Fifteen corporations and nonprofits that do tens of millions in contracts with minority-owned companies in Arizona, and the release of a detailed new, post-recession survey of minority-owned business will be among the highlights of the 2012 Minority Business Enterprise Summit in downtown Phoenix Friday.

The 2012 Minority Business Enterprise Summit was organized by the Arizona Hispanic Chamber of Commerce and Phoenix MBDA Business Center . The event takes place Nov. 16, 2012, 10 a.m.-1 p.m., at Renaissance Hotel Downtown, 50 East Adams Street in Phoenix.

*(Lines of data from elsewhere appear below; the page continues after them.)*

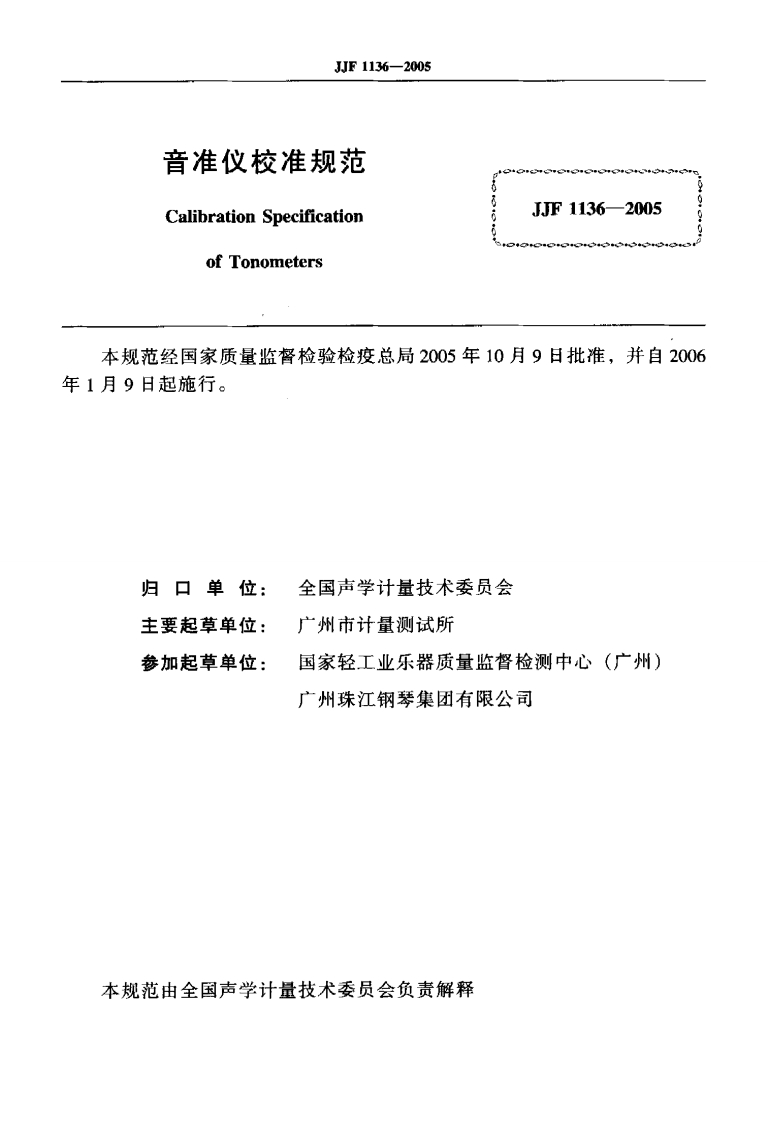 JJF1136-2005音准仪校准规范CalibrationSpecificationofTonometers_音准仪校准规范CalibrationSpecificationofTonometers348072@abc9天前发布关注私信0.55MB27页036JJF1136-2005音准仪校准规范CalibrationSpecificationofTonometers_音准仪校准规范CalibrationSpecificationofTonometers此内容为付费资源,请付费后查看¥19¥23黄金会员免费钻石会员免费立即购买您当前未登录!建议登陆后购买,可保存购买订单付费资源 第1页 / 共27页 第2页 / 共27页 第3页 / 共27页 试读已结束,还剩24页,您可下载完整版后进行离线阅读 THE END标准规范餐饮美食 文本预览 可可宇中华人民共和国国家计量技术规范JJF1136一2005音准仪校准规范Calibration Specification of Tonometers2005-10-09发布2006-01-09实施国家质量监督检验检疫总局发布 查看更多 收起部分 喜欢就支持一下吧收藏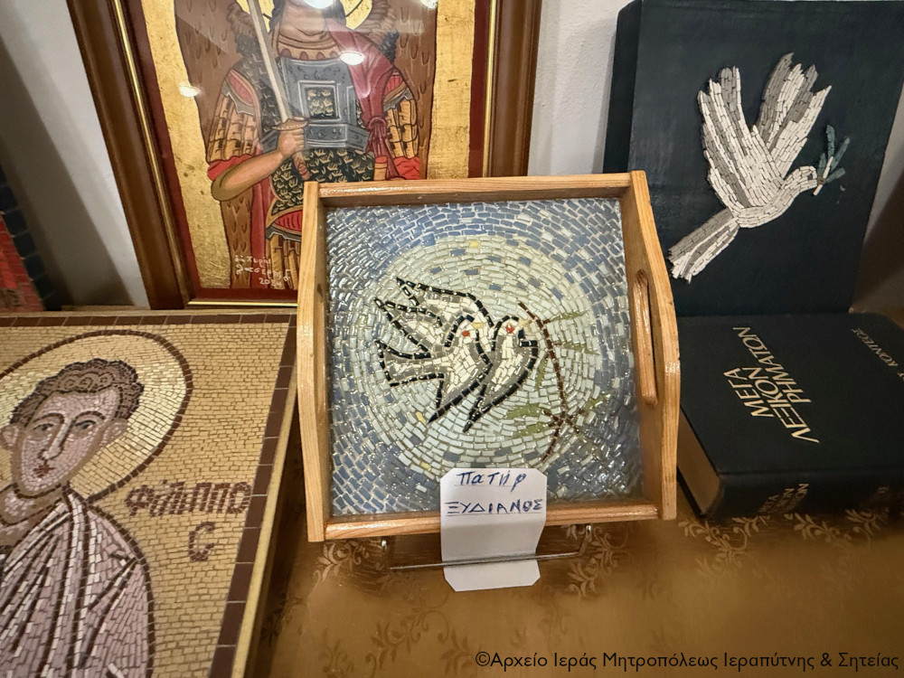 Κατά τη διάρκεια της εκδήλωσης εκτέθηκαν έργα των μαθητών της Σχολής Αγιογραφίας και Ψηφιδωτού της Ιεράς Μητροπόλεώς μας, Στον χαιρετισμό και το καλωσόρισμα του ο Αγιογράφος κ. Νικόλαος Γρινιεζάκης, υπεύθυνος και δάσκαλος της Σχολής, επεσήμανε ότι «η σχολή λειτουργεί με την ευλογία και τη συνεχή πατρική φροντίδα του Σεβ. Μητροπολίτου μας κ. Κυρίλλου, τον οποίο ευχαριστούμε θερμά για τη σήριξη και εμπιστοσύνη του, για να κρατήσουμε ζωντανή την ιερή παράδοση της Εκκλησίας και να τη μεταδώσουμε στις νεώτερες γενιές. Η αγιογραφία δεν είνα απλώς ζωγραφική. Είναι η γλώσσα της Εκκλησίας, ένας τρόπος με τον οποίο εκφράζεται η πίστη μας. Η εικόνα δεν στοχεύει να εντυπωσιάσει αλλά να οδηγήσει τον άνθρωπο σε προσευχή και εσωτερική σιωπή. Μέσα από τα χρώματα, τα πρόσωπα και τα σύμβολα, η αγιογραφία μας φανερώνει την αλήθεια της πίστης και μας θυμίζει ότι ο Θεός έγινε άνθρωπος για τη σωτηρία όλων μας. Δίκαια χαρακτηρίστικαν οι εικόνες ως βιβλία των αγραμμάτων. Το Ψηφιδωτό, από την άλλη πλευρά, είναι μια τέχνη υπομνής και επιμονής. Κάθε μικρή ψηφίδα τοποθετείαι με φροντίδα, ώστε όλες μαζί να δημιουργούν μια ενιαία εικόνα.Όπως στην Εκκλησία ο κάθε άνθρωπος έχει τη δική θέση και αξία, έτσι και στο ψηφιδωτό ακόμα και το πιο μικρό κομμάτι είναι απαραίτητο για την ολοκλήρωση του έργου».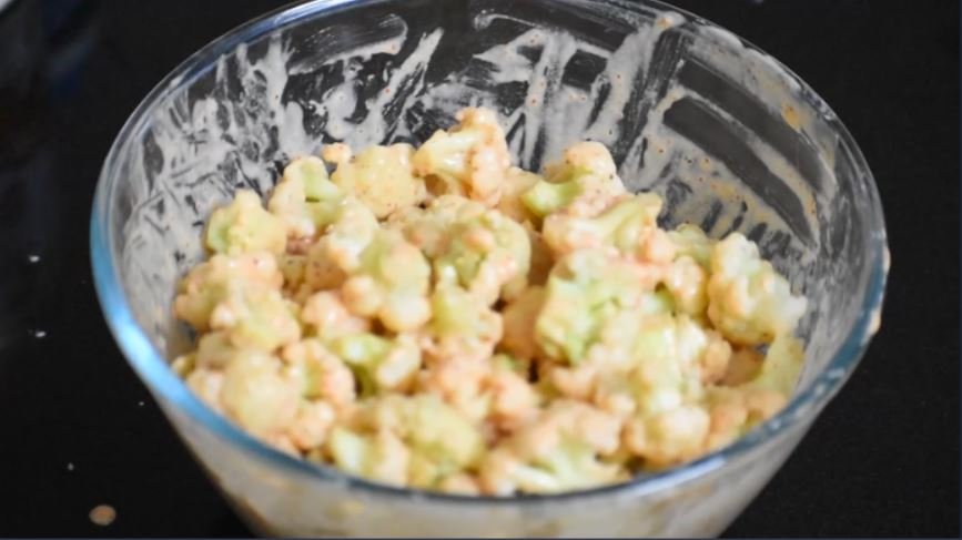 - Fry the batter coated cauliflower florets in hot oil in 2- 3 batches , depending on size of your pan.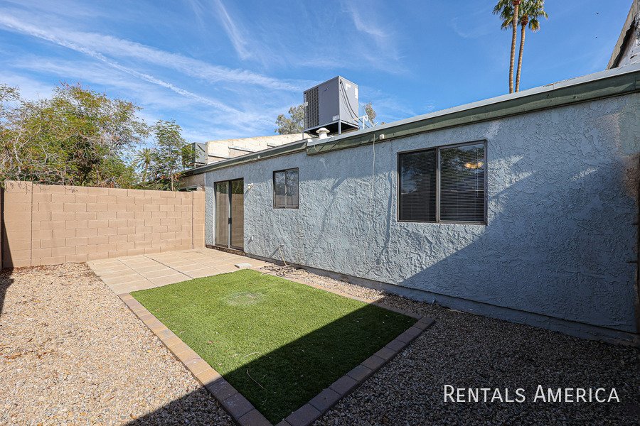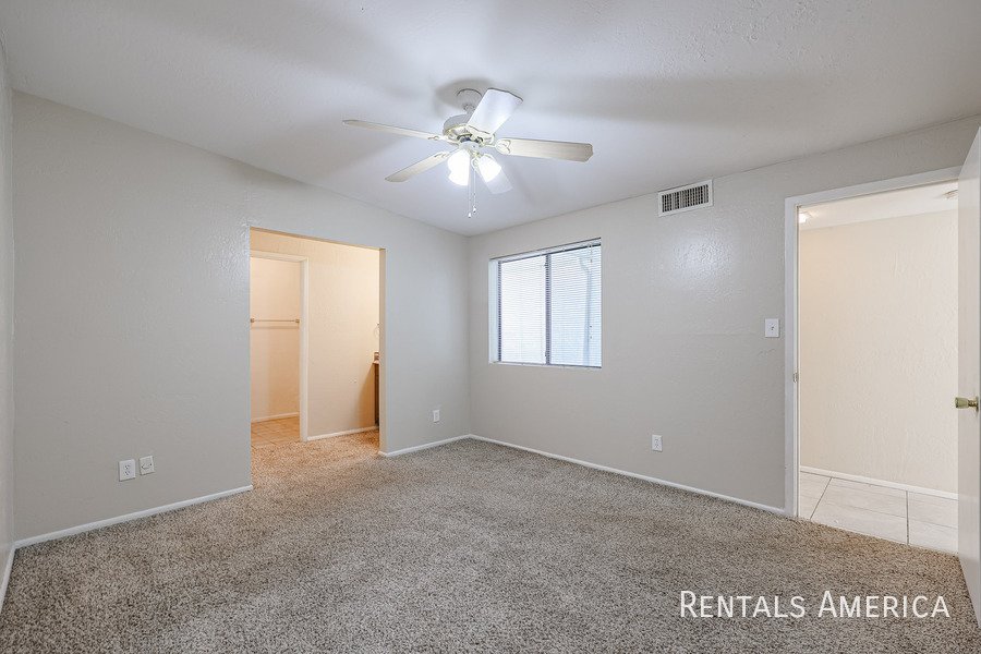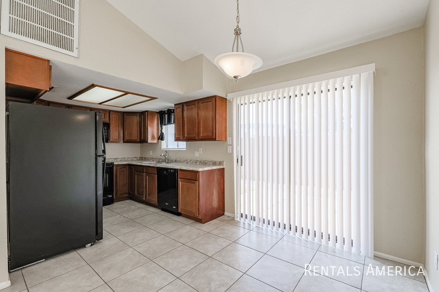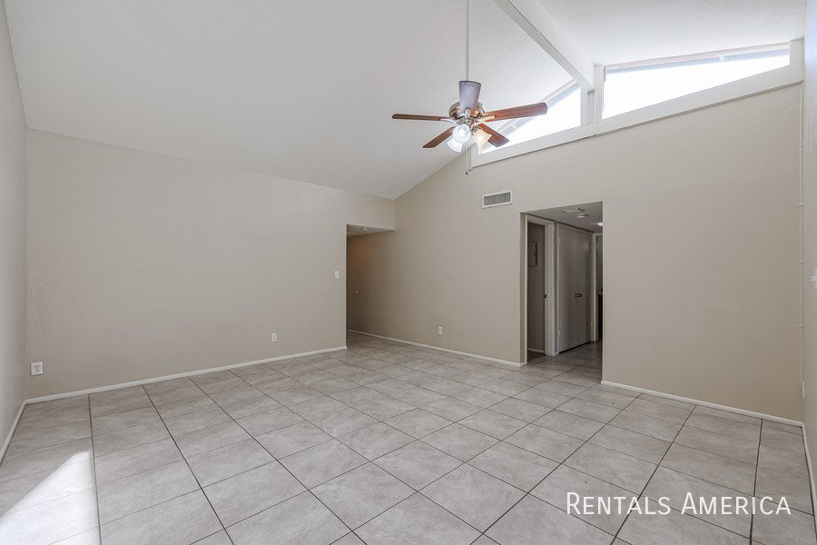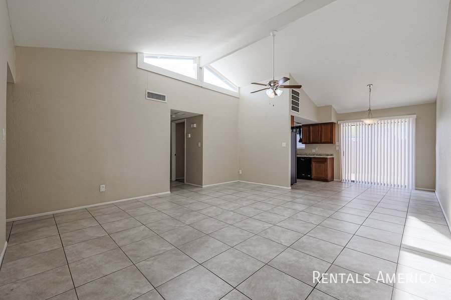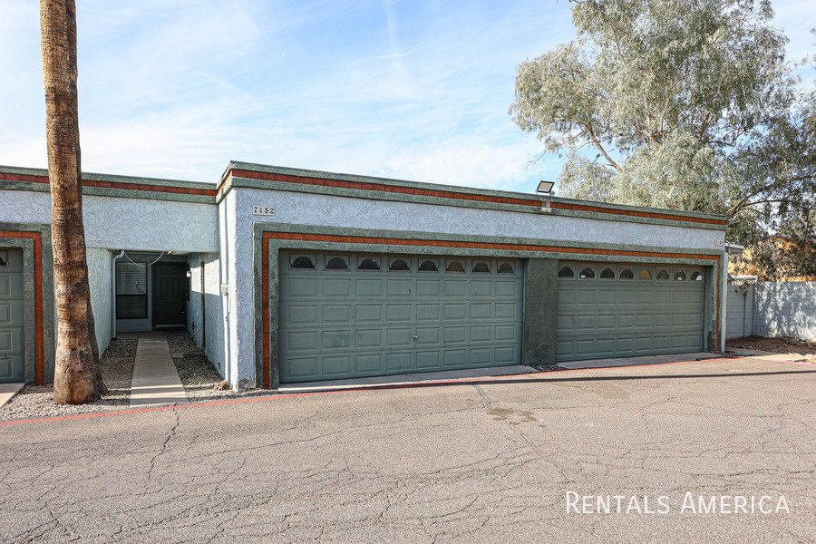 Secluded home with attached garage. Walking distance to Glendale High School. This townhouse has an open floorplan with vaulted ceilings that provide lots of natural light in all livable areas. Lighted fans in living room & all bedrooms. Back patio has gold decorative rock & green turf edged in pavers. Kitchen features black refrigerator, dishwasher & stove with built-in microwave. Master suite includes large walk-in closet and private tub/toilet room. Oversized tile in living, dining & kitchen and chocolate shag carpeting in all bedrooms. Laundry closet with washer & dryer included. Beautiful New Bathtub & Tile Surround in Primary Bathroom. 2-Car Garage. Water Included. Community Pool.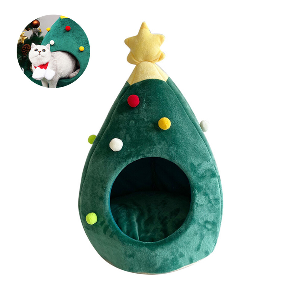 Foldable Comfortable Triangle Cat Bed, Christmas Tree Design, Portable Indoor Cat Igloo, Non-Skid Bottom, Machine Washable Pet Bed for Cats and Small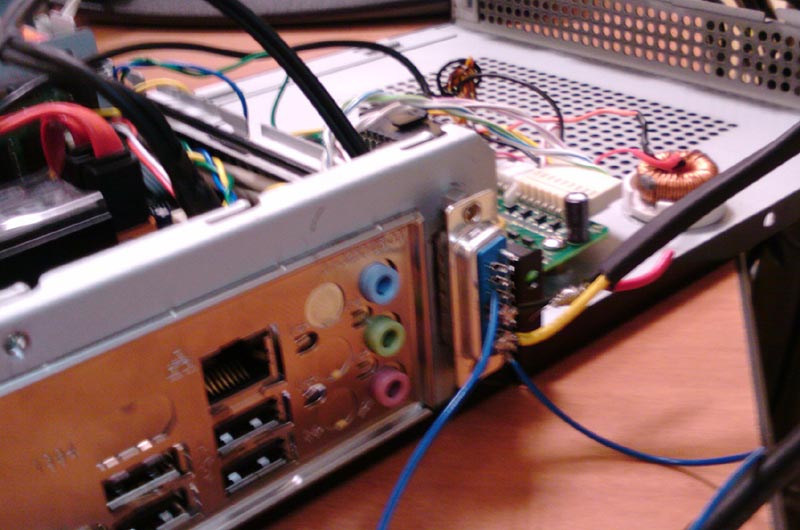 особо хочу отметить дополнительные разъемы, типа питание, avc-lan, асс и т.п. так вот, места для них практически нет. я смог придумать только размещение 15-контактного разъема типа D-SUB. 4 контакта на дифференциальный звук, 2 -- авц-лан, 1 -- асс, питание и земля -- по 4 контакта. изначально был не очень уверен в этих 4 контактах на 4 ампера, да че там говорить, и сейчас не сильно уверен, нужно последить, но прогоны на столе показали, что соединение стабильно, ниче не греется. из минусов: не хватило контактов для вывода +5 для питания юсб-хаба, возьму с внешнего +5/+12/GND разъема, который для внешних дисков. еще не хватило вывода для внешнего выключения питания, он перейдет на заднюю планку.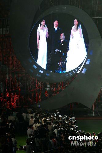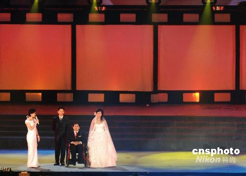 9月10日晚,在遼寧大連市舉行的第17屆金雞百花電影節(jié)開幕式上,高位截癱的大連志愿者、2008年殘奧會火炬手韓偉與女友陶璐舉行現場婚禮,并講述兩人因為電影而結緣的故事。在觀眾的見證下,兩人現場許下愛的誓言,交換婚戒。他們的愛情故事感動了現場的觀眾。影星鄧超為他們送上了自己的祝福。中新社發(fā) 劉德斌 攝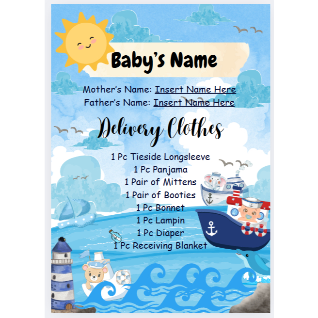 Hospital Essentials Sticker Label 8 Pages PLUS 8 pcs of Baby Name Sticker for nesting mommies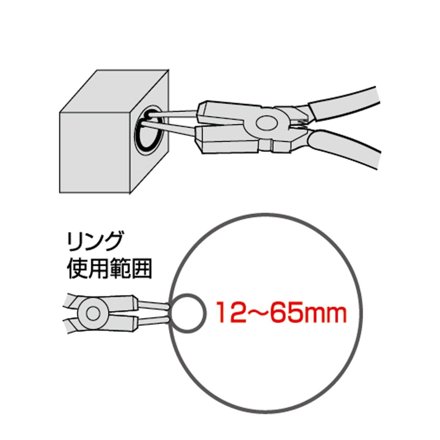 フジ矢 スナップリングプライヤー (握ると先端が閉じる穴用・直爪)先端直径φ2.0mm リング範囲12-65mm 替え爪式 185mm FCS-185 オレンジ

“The summit speaks to the growing influence of minority-owned businesses in Arizona and the historic demographic shift that’s helping reshape the economy of our state and our nation,” said Gonzalo de la Melena, president and CEO of the Arizona Hispanic Chamber of Commerce, which operates the federally-funded Phoenix MBDA Business Center.

MBE summit highlights include:

* The release of the 2012 Minority Business Enterprise Report (the first-of-its-kind since 2007) regarding the state of minority-owned businesses in Arizona.
* Inaugural inductions into the Arizona Million Dollar Circle of Excellence: Leading the Way in Supplier Diversity recognizing corporations and non-profits that do at least $1 million in business with minority- and women-owned companies in Arizona.
* The annual presentation of the Minority Enterprise Development Awards.

The 2012 MBE Report will be released during a Friday morning presentation starting at 10 a.m. The report was conducted by Westgroup Research and designed to serve as a resource for businesses, organizations, educators, government agencies and individuals who want to help Arizona MBEs succeed.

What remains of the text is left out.